━━ RECORDS PROVIDED ━━

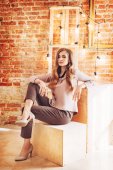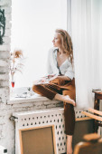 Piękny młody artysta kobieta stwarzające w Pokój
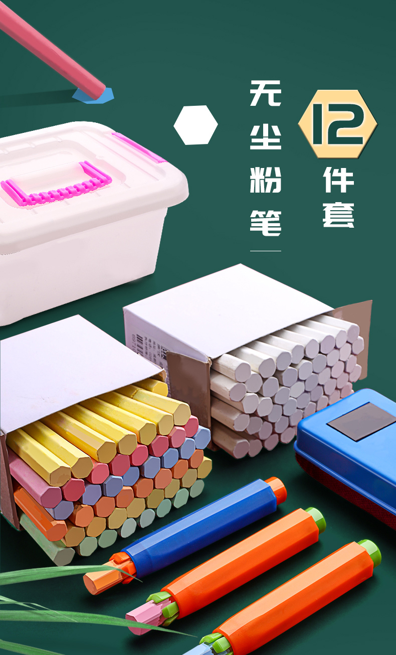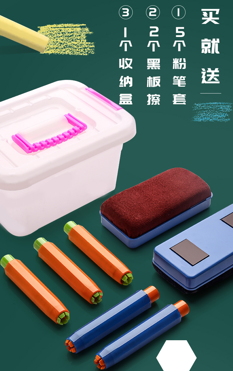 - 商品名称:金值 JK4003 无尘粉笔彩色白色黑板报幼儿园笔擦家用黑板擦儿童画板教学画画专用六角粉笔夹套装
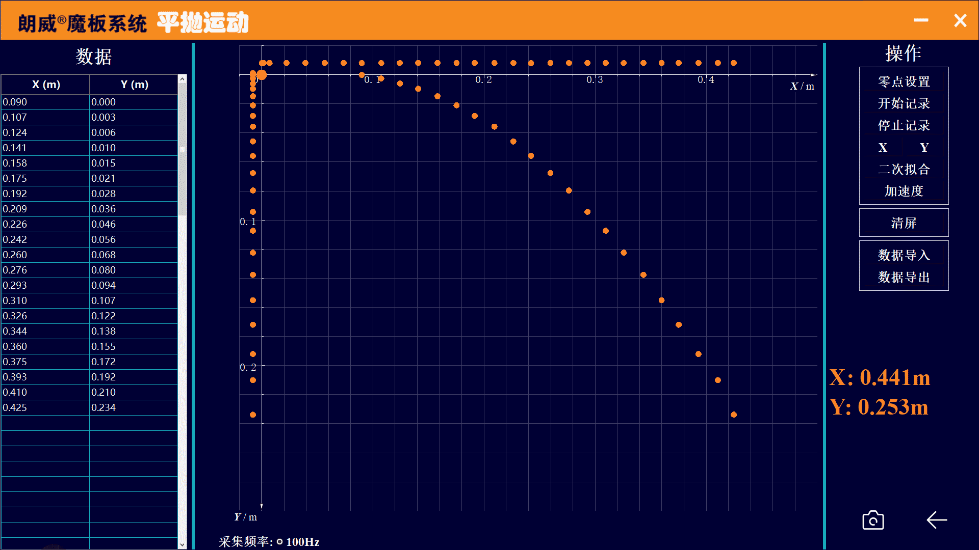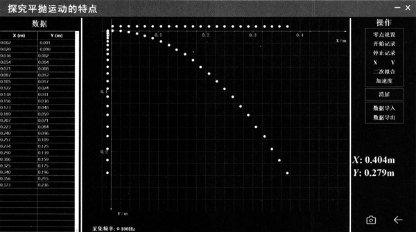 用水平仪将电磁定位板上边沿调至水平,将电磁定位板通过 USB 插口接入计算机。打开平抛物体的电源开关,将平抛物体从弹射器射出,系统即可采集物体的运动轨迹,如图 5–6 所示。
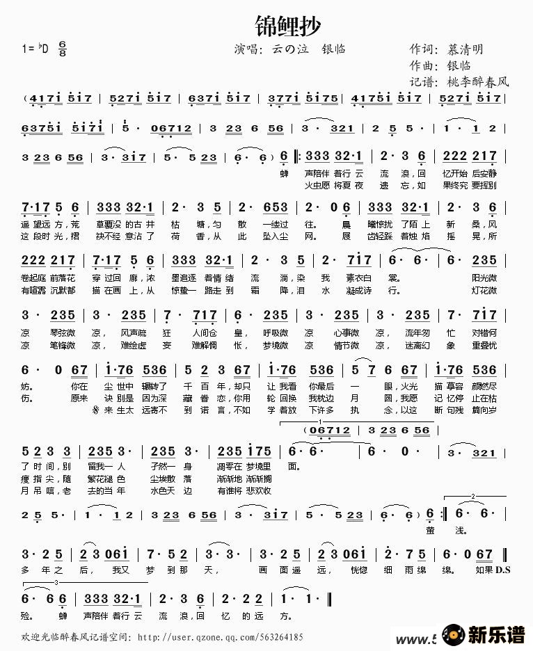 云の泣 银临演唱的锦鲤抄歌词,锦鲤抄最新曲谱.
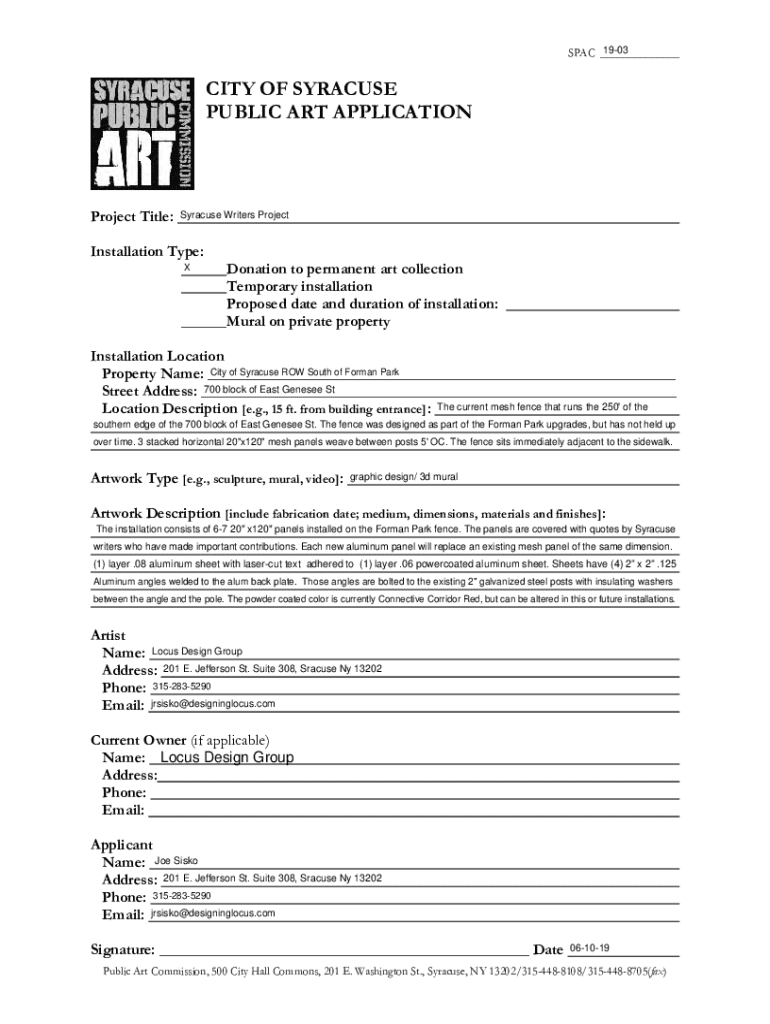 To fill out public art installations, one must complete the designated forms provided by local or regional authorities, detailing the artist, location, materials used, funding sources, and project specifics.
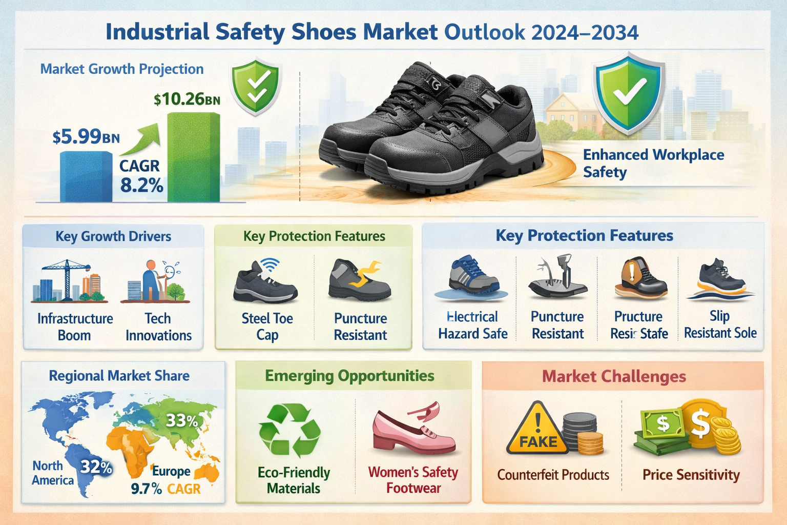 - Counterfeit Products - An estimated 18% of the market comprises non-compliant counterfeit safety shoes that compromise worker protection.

━━━
━━ RECORDS PROVIDED ━━

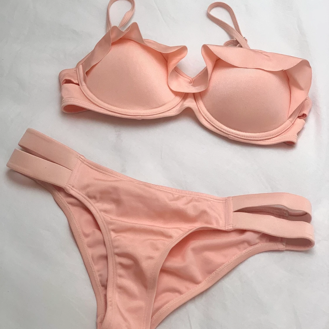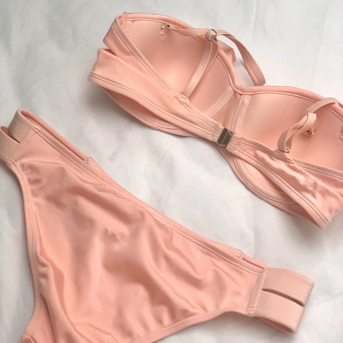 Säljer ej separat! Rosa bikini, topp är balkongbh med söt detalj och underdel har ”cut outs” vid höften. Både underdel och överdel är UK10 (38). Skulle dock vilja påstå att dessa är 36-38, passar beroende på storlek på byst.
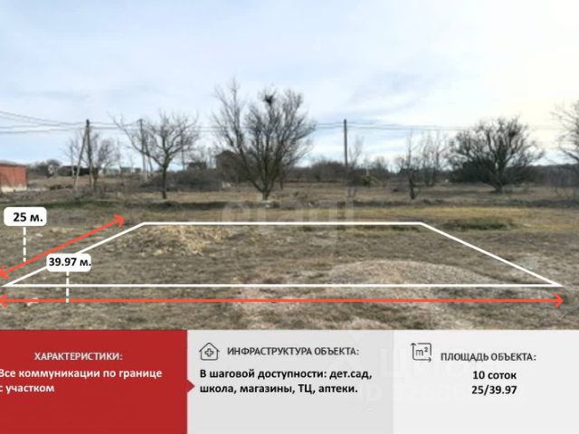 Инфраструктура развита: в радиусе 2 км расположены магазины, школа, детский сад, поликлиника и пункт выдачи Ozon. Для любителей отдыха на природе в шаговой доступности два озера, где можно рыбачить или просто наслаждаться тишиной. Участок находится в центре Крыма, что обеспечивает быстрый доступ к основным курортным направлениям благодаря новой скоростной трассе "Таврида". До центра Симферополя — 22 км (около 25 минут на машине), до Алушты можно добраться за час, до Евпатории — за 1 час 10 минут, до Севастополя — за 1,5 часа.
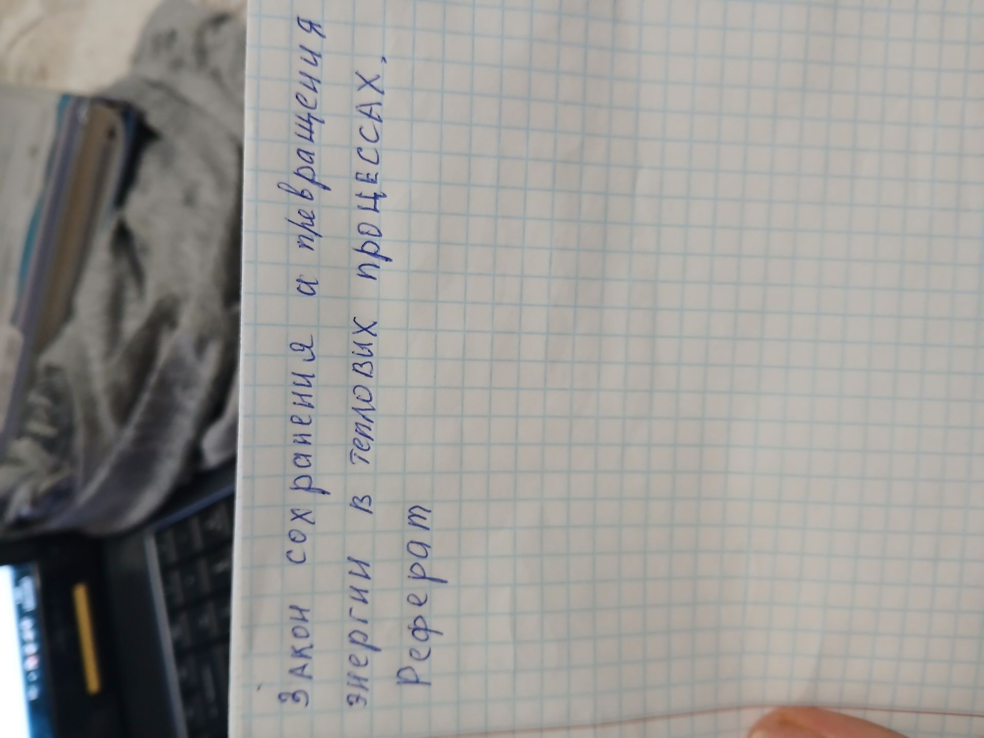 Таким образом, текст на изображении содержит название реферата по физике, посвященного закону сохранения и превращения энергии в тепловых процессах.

━━━

Exactly as written above, retype the lines starting at the one holding "插口接入计算机。打开平抛物体的电源开关,将平抛物体从弹射器射出,系统即可采集物体的运动轨迹,如图 5–6 所示。" and ending at the one holding "- Counterfeit Products", both included, but not the pictures.

 用水平仪将电磁定位板上边沿调至水平,将电磁定位板通过 USB 插口接入计算机。打开平抛物体的电源开关,将平抛物体从弹射器射出,系统即可采集物体的运动轨迹,如图 5–6 所示。
 云の泣 银临演唱的锦鲤抄歌词,锦鲤抄最新曲谱.
 To fill out public art installations, one must complete the designated forms provided by local or regional authorities, detailing the artist, location, materials used, funding sources, and project specifics.
 - Counterfeit Products - An estimated 18% of the market comprises non-compliant counterfeit safety shoes that compromise worker protection.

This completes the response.